Information provided |
- - - - - - -

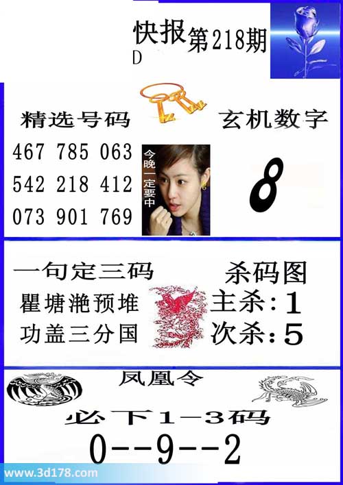 3d第2014218凤凰快报推荐: 玄机数字:8精选号码:467 785 063 542 218 412 073 901 769一句定三码:瞿塘滟预堆功盖三分国 杀码图:主杀:1次杀:5凤凰令:必下1-3码,0-9-2
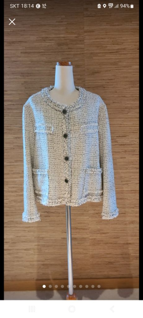 리엘 RE_L 트위드 자켓 - 66~77사이즈 - 실측치수: 가슴단면 53cm, 총길이 56cm - 소재: 울 40%, 아크릴 40%, 폴리 20% - 색상: 화이트 계열 - 옷 상태 최상입니다.
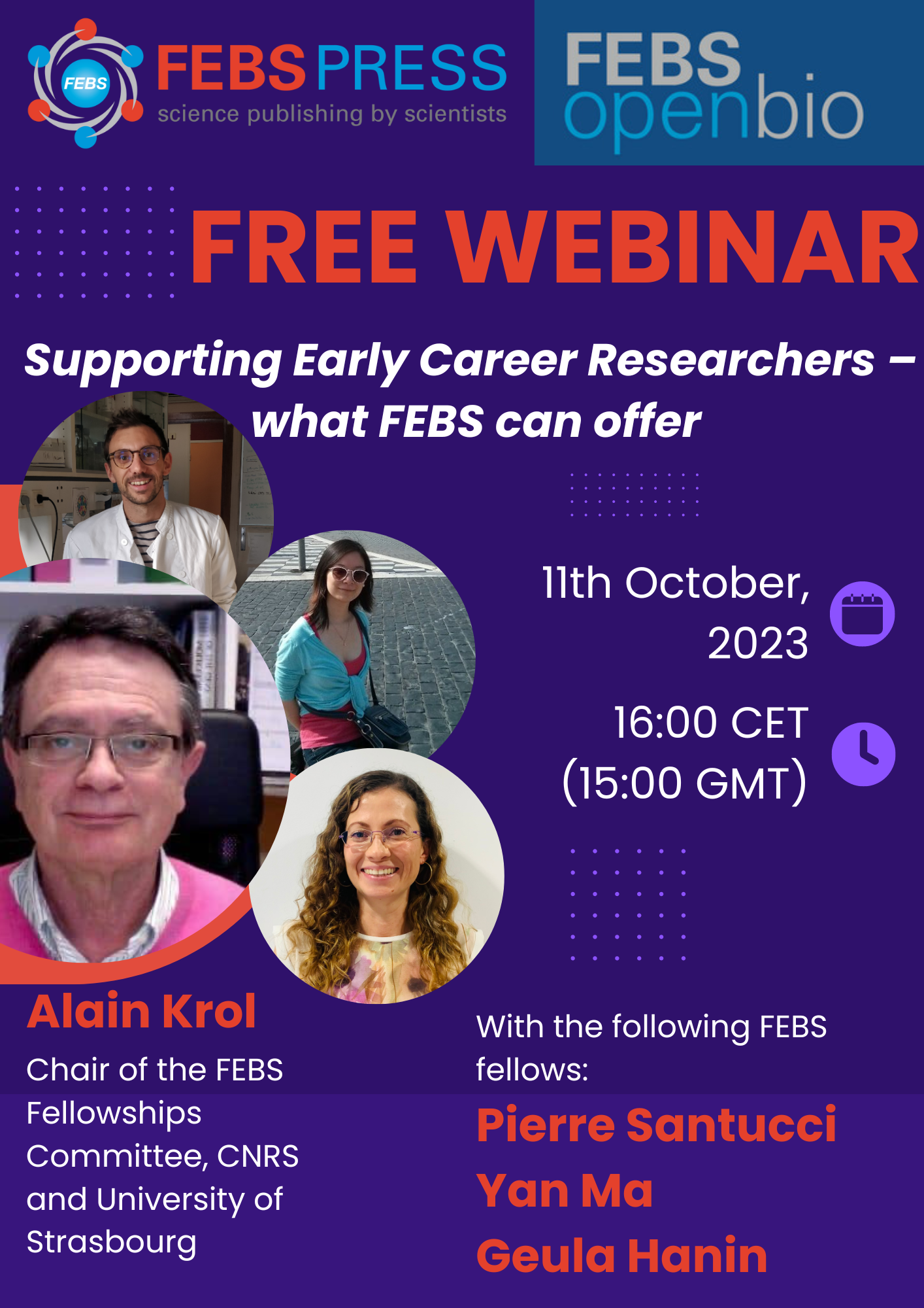 We are pleased to announce an upcoming free FEBS Open Bio webinar, which will be held on Zoom on 11th October 2023 at 16:00 CEST (15:00 BST). Prof. Alain Krol (Chair of the FEBS Fellowships Committee, CNRS and University of Strasbourg) and three FEBS fellows will discuss how FEBS can help ECRs.
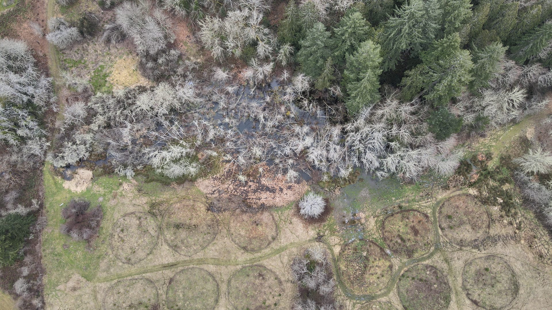 - Aerial view of a beaver-influenced wetland in winter, Mike Melton.

- - - - - - -

What you need to do |
The whole listing above is to be printed exactly; the pictures stay out.

Solution |
 3d第2014218凤凰快报推荐: 玄机数字:8精选号码:467 785 063 542 218 412 073 901 769一句定三码:瞿塘滟预堆功盖三分国 杀码图:主杀:1次杀:5凤凰令:必下1-3码,0-9-2
 리엘 RE_L 트위드 자켓 - 66~77사이즈 - 실측치수: 가슴단면 53cm, 총길이 56cm - 소재: 울 40%, 아크릴 40%, 폴리 20% - 색상: 화이트 계열 - 옷 상태 최상입니다.
 We are pleased to announce an upcoming free FEBS Open Bio webinar, which will be held on Zoom on 11th October 2023 at 16:00 CEST (15:00 BST). Prof. Alain Krol (Chair of the FEBS Fellowships Committee, CNRS and University of Strasbourg) and three FEBS fellows will discuss how FEBS can help ECRs.
 - Aerial view of a beaver-influenced wetland in winter, Mike Melton.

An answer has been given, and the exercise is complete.